In the center of our graph are web pages. We know their URL address, text embedding value, and whether or not the web scraper extracted text from the page. Pages can also link or redirect to other pages, which is represented with according relationship. As a part of the NLP workflow, we have also detected keywords on the site, which we will store as separate nodes.

Check out the preprocessing notebook if you are interested in the code implementation of the data import. Otherwise, we will jump straight to the network analysis part.

Network Analysis

I have prepared a Neo4j database dump if you don’t want to scrape the Neo4j documentation but would still like to follow the network analysis examples.

Sample subgraph of the Neo4j documentation website knowledge graph. Image by the author.

I will walk you through some website network analysis examples that I found interesting. We will be using the Graph Data Science Python client, which is ideal tool to perform network analysis with Neo4j from Python.

The Jupyter Notebook with all the relevant code for the network analysis is available on GitHub.

Overall statistics

First of, we will begin by evaluating the size of our dataset by counting the number of nodes and relationships with the apoc.meta.stats procedure.

gds.run_cypher("""
CALL apoc.meta.stats()
YIELD labels, relTypesCount
""")

Our knowledge graph has 15370 pages and 4199 keywords, along with 62365 links and 723 redirects. I was not expecting this many pages. However, considering that the documentation covers multiple products across multiple versions, it makes sense that the number of pages on a website can explode. Additionally, many links point to pages outside the Neo4j website.

Next, we will evaluate from how many pages we successfuly retrieved content information.

gds.run_cypher("""
MATCH (p:Page)
RETURN p.has_text AS has_text,
       count(*) AS count
""")

We have successfully retrieved the content and calculated text embeddings from 9688 web pages. The web scraper focused on recovering content from the documentation website while mostly ignoring the structure and text of the product and similar pages. Therefore, there are 2972 on the Neo4j website for which we haven’t retrieved content. Finally, the Neo4j website links to 2710 outside its primary domain. Pages outside of the Neo4j documentation website were explicitly ignored during web scraping.

Out of curiosity, we can list ten random outside web pages that Neo4j links to the most.

gds.run_cypher("""
MATCH (p:Page)
WHERE p.has_text IS NULL
RETURN p.url AS page,
       count{(p)<-[:LINKS_TO|REDIRECTS]-()} AS links
ORDER BY links DESC
LIMIT 5
""")

Results

https://medium.com/media/6f1225d96ac3fdfb2607352842d6d499/href

The most linked web page is actually a localhost URL, which is the default address of the Neo4j Browser. Following are some links to APOC releases on GitHub. Finally, it seems that Neo4j has some products or services that support integrations with Microsoft NLP and AWS cloud APIs, as otherwise, they probably wouldn’t link them in their documentation.

Identify dead links

We will proceed by identifying dead or broken links. A broken link is a link that points to a non-existing web page. Like most websites, Neo4j documentation has a designated 404 web page.
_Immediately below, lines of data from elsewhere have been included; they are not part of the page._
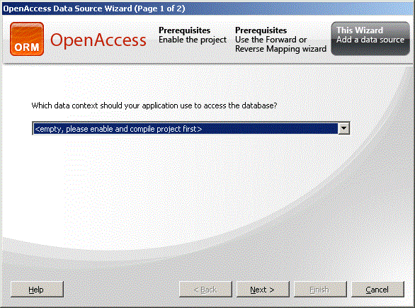 I just want a classes project with a model, and a asp.net application to consume the data via a datacontrol; the ORM OpenAccessDataControl. But every time I drop the datacontrol on the page, click the smart tag, choose configure, I get
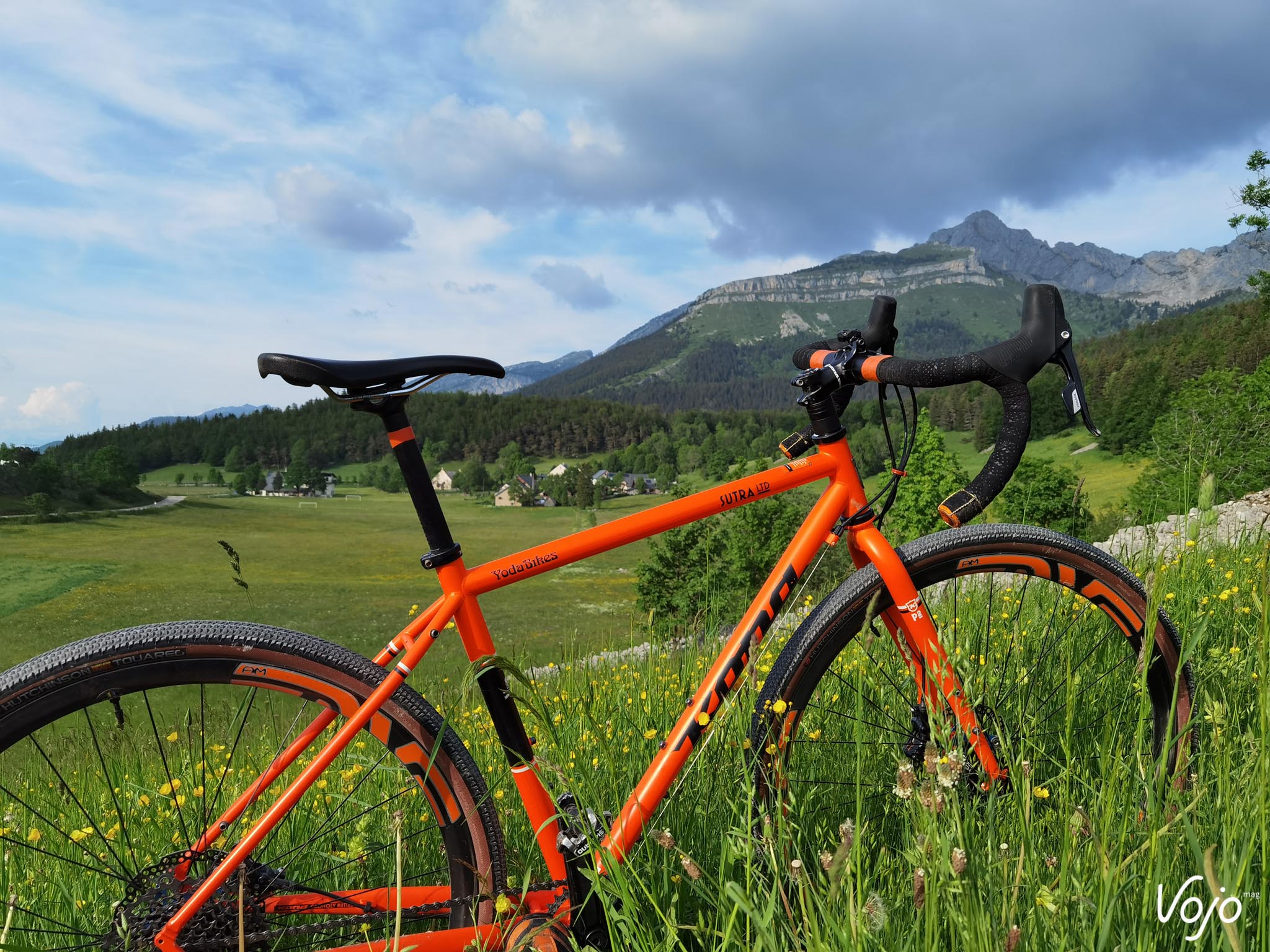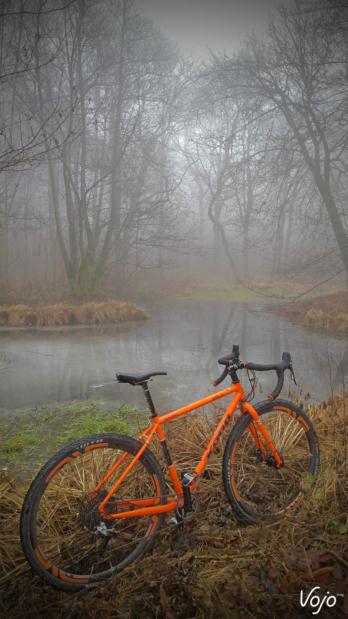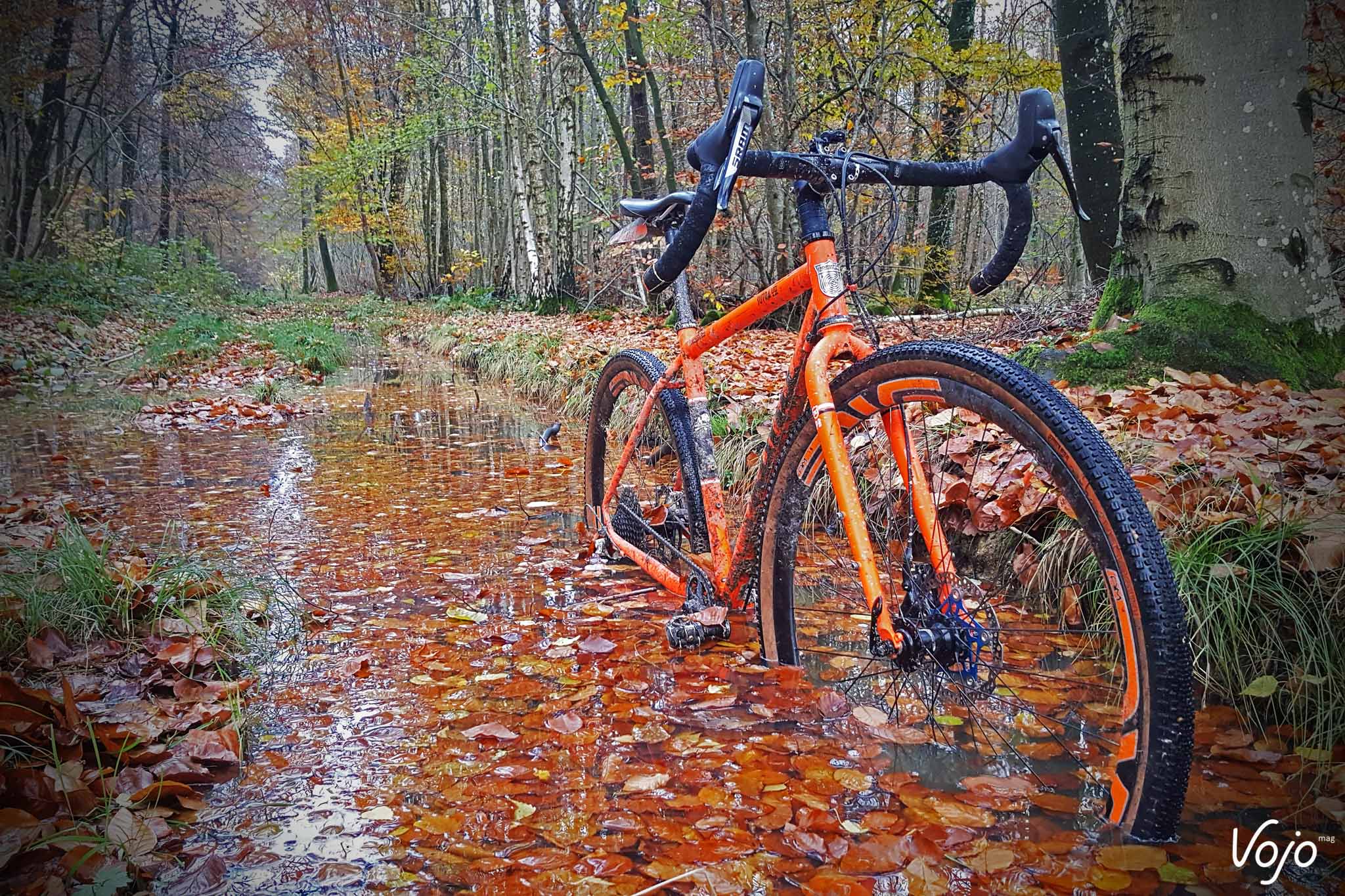 Bonjour à tous. Désolé si je vous parais un peu timide mais comprenez bien que c’est la première fois qu’on me permet de m’exprimer ainsi. Mon prénom est Sutra, et je fais partie de la branche des gravel dans la famille Kona. Le début de ma vie est somme toute assez banal. Né sur une planche à dessin canadienne et soudé loin de chez moi, j’ai ensuite été malmené par les transporteurs, ai subi le mal de mer dans un conteneur maritime puis l’attente et le froid des entrepôts avant d’atterrir dans la cour de ma famille d’accueil. Le scotch se déchire et le carton s’ouvre… Je vais bientôt pouvoir me faire une idée de mon nouveau maître ! Bon à première vue il a l’air sympa, et heureux de faire ma connaissance vu son large sourire. Je pense que je lui ai tout de suite plu ! C’est en tout cas comme cela que j’ai interprété l’impression de joie un peu idiote qui lui déguisait le visage une fois qu’il m’a sorti de ma boîte pour me poser sur le pied d’atelier. Ça et aussi le fait qu’il soit resté planté deux bonnes minutes à me dévisager sans rien faire. Totalement nu sans mes accessoires, j’étais à la fois fier et gêné ! Bon, j’ai un peu déchanté quand il a été question de terminer mon montage. Bien que de petite taille, mon jockey n’a pas la poigne légère quand il s’agit de serrer des vis, et la clé dynamométrique ne fait définitivement pas parti de sa servante d’atelier. Lui, c’est plutôt « on serre à fond jusqu’à ce que ça bloque et on refait un tour pour être sur » ! Je ne vous raconte pas la torture pour mes roulements à peine rodés ! Les restes de peinture sur les filetages n’auront pas résisté longtemps. Pas de coup de brosse. Non ! On force et ça finit par passer. Ah je ne suis pas tombé sur un esthète de la mécanique ou un orfèvre de la clé Allen, c’est le moins qu’on puisse dire. J’avoue que je suis issu d’une basse lignée. Point de particules de carbone, encore moins de pièces exotiques pour gonfler mon pedigree. Mon cadre et ma fourche sont en acier tout ce qu’il y a de plus ordinaire et à défaut de faire rêver, mon équipement est éprouvé. Je suis un petit gars simple, sans prétention, un rustique ! Mais quand même, ce n’est pas une raison pour me maltraiter de la sorte ! Du coup, j’étais déjà en train de m’inquiéter, imaginant finalement que son manque de délicatesse était à mettre sur le dos de mes origines. Que j’allais être cantonné aux basses besognes, à ramener le pain le dimanche, à rouler sous la pluie ou dans la boue quand les « beaux » vélos du garage seraient dispensés d’aller salir leur noble mécanique ou encrasser leurs biellettes si fragiles. Qu’il me faudrait supporter les mauvais traitements des sorties hivernales et le harcèlement psychologique des itinéraires de routine au paysage jamais renouvelé. Bon sang mais c’est bien sûr, il m’avait acheté en automne pour supporter l’hiver ! Jamais je n’apercevrais un coin de ciel bleu ! Le manant que j’étais devait rester dans l’ombre et la fange… Une fois le montage terminé, il m’a à nouveau admiré comme un idiot, avec le même sourire d’idiot et la même pose immobile d’idiot, puis il est remonté, en nous souhaitant « de faire de beaux rêves » ! « On ne monte pas des Enve pour aller chercher le pain ! » C’est la phrase que je me suis répété inlassablement durant la première nuit, à la fois pour me rassurer et m’aider à trouver le sommeil. Faut dire que j’étais bien énervé avec ces deux roues qui me donnaient des allures de vélo bien plus haut de gamme ! Rassurez-vous, il n’était pas question que je ne garde pas les pneus sur terre. Je suis un gars simple, bien décidé à le rester et ça tombe bien, l’avenir va vous montrer que je n’ai pas eu trop le choix. Voilà donc comment j’ai vécu ma première journée. Comme vous l’avez donc constaté quelques lignes plus haut, sa passion est telle qu’il nous parle. Je dis « nous » vu qu’il y a de très nombreux VTT qui cohabitent dans son sous-sol. Je vois déjà les membres de la ligue des défenseurs de vélos crier au scandale. Stop ! Eteignez les porte-voix, baissez les banderoles et posez les cagoules : nos conditions de vie sont parfaites. De la lumière, de la chaleur, une ventilation, des visites aussi fréquentes que nos sorties… et même pas obligé de prendre une douche en rentrant ! En plus de la grosse poignée de modernes de tout poil : des fat bikes un peu impressionnants avec leurs pneus énormes qui racontaient des histoires de neige profonde et de sentiers escarpés, des tout-suspendus représentant l’intégralité des pratiques existantes qui ne pouvaient pas s’empêcher de faire le concours de celui qui saute le plus loin, des rigides et des endurigides infoutus de se mettre d’accord et un XC que j’étais supposé remplacer. Je côtoyais aussi un grand nombre d’anciens, des vieux 26″ qui avaient fait l’histoire du vélo tout-terrain. Pourtant, ça n’avait rien d’un mouroir. Bien au contraire, tous étaient propres, rutilants même et équipés comme à leur première randonnée. Ils m’ont raconté la même histoire, comme quoi si un vélo lui procurait du plaisir et lui offrait de bons souvenirs, il n’était pas revendu et vivait une retraite paisible et heureuse au sein de la famille. Certains se déplacent parfois sur des manifestations, dans des expositions et il y en avait même une douzaine qui étaient actuellement sous les feux des projecteurs d’un magasin de sport. Mais ça, c’est surtout réservé aux plus anciens alors que moi, j’étais le petit nouveau, et le premier gravel. J’avais la pression ! Impossible de vous dire combien de temps il m’a fallu attendre avant de faire notre première balade mais ça n’a pas duré longtemps. Deux ou trois jours tout au plus. Je me souviens très bien comment
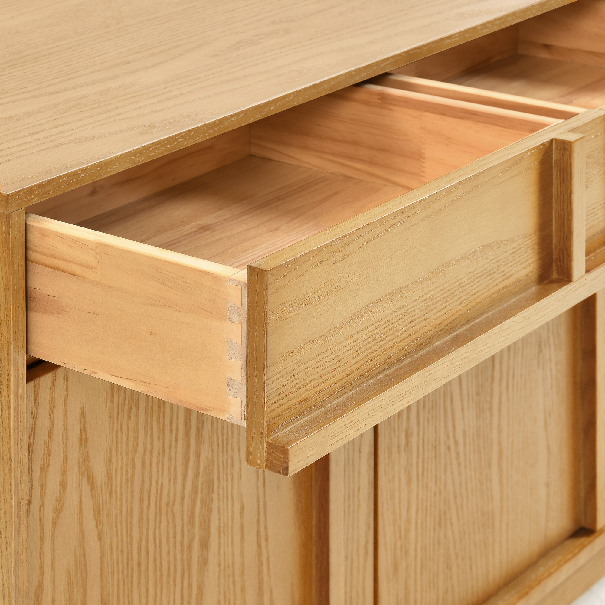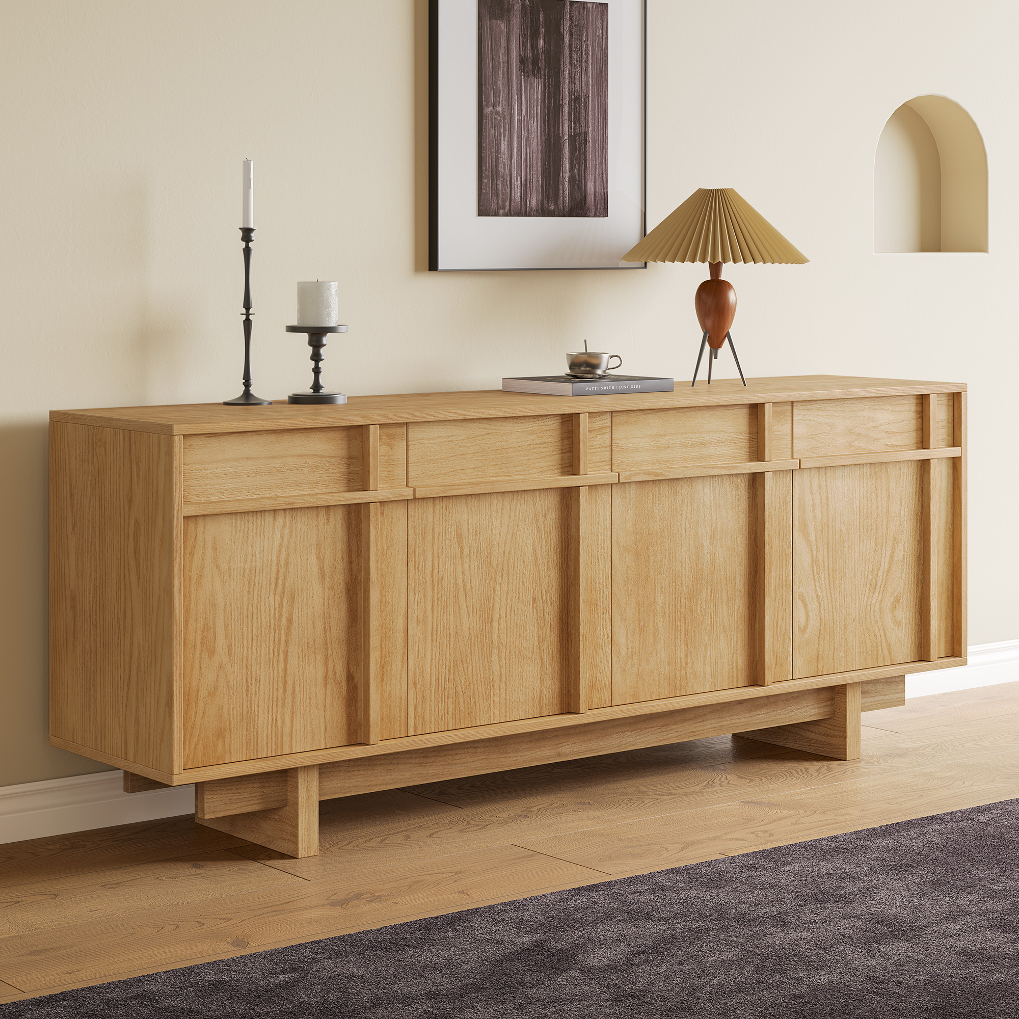 The Ragnar 71″ sideboard, crafted from natural ash wood, features clean, fluid lines, reinforced horizontal bars, and legs, providing structural integrity while echoing a retro style. Credenza has 4 dovetailed drawers and 2 cabinets with adjustable shelves, offering generous storage capacity. color:Natural, sideboard type:Sideboard, material:Ash Wood, material:Plywood, number of drawers:4, door mechanism:Push-to-open Door, door mechanism:Pull-to-open Door, drawer mechanism:Pull-to- open Drawer, finish:Oak Veneer, number of shelves:6
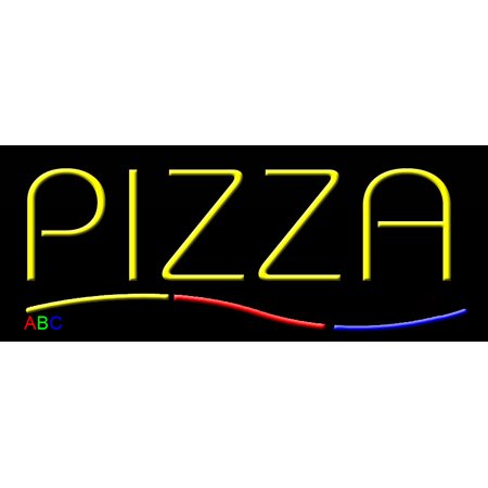 <b>12"x24" ABC LED Signs Pizza LED Sign w/Flashing Controller - Standard Outdoor/Indoor</b>: <ul> <li>Customizable</li> <li>12 month limited warranty on parts and labor</li> <li>Uses attractive quality translucent black backing, not ABS plastic</li> <li>Very light weight</li> <li>Highly efficient. Uses up 90% less energy than glass neon</li> <li>Flashing & Animated LED Display</li> <li>Excellent visibility. (including when in direct sunlight)</li> <li>Includes hanging chain</li> <li>Included a 110V AC Adapter</li> <li>Animation/Flashing turned on/off is very simple, via a switch</li> </ul>
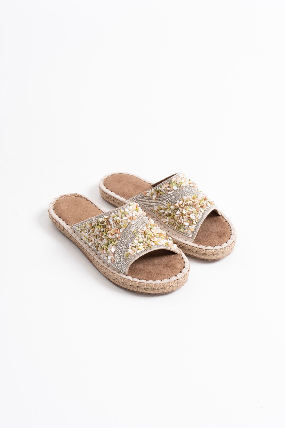 Dennis Kadın Bej Taş İşlemeli Terlik
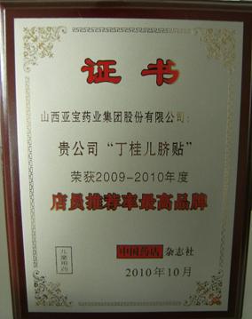 前不久,亚宝“丁桂儿脐贴”再次荣膺《中国药店2009年—2010年“店员推荐率最高品牌”》。作为儿童用药的冠军品牌,“丁桂儿脐贴”可称之为该奖项的“常客”,去年丁桂儿脐贴就曾获得2008-2009年度儿童止泻类药的“店员推荐率最高品牌”。而这些荣誉正是对亚宝“丁桂儿脐贴”产品品质的最佳肯定。
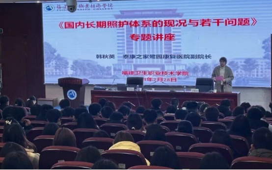 2024年2月28日上午,護理學院邀請?zhí)┛抵寅槇@養(yǎng)老服務&康復醫(yī)院有限公司/主任護師韓秋英教授開展《國內長期照護體系的現(xiàn)況與若干問題》專題講座。本次講座由護理學院院長肖春秀主持,護理學院教師及老年保健與管理專業(yè)學生聆聽了此次講座。
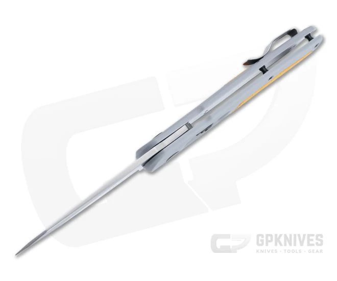 Handle: Gray and orange polypropylene polymer scales supported by steel liners make the handle solid, durable, and weather resistant. A textured inlay pairs with a generous index choil for a safe, secure grip. The SUR button lock mechanism provides rock solid lock up open or closed.

The web scraper assigns a “404” text value to any URL that responds with a 404 page.

gds.run_cypher("""
MATCH (:Page)-[:LINKS_TO|REDIRECTS]->(:Page{is_404:true})
RETURN count(*) AS brokenLinkCount
""")

There are 241 broken links in the dataset. The broken link number sounds small, given that there is a total of 62 thousand links in the database. However, if you performed this analysis on your website, you could always forward the results to the appropriate teams to get the links fixed.

Finding shortest paths

Most websites are designed to gently push the users along the journey to the end goal. For example, if you are running an e-commerce website, the goal is probably a purchase event. With Neo4j, you can analyze all the paths a user might follow to reach the desired destination. Since we are dealing with a documentation website, we can’t explore how a user might end up completing a purchase on the website. However, we can apply the same techniques and evaluate the shortest paths between various parts of the website.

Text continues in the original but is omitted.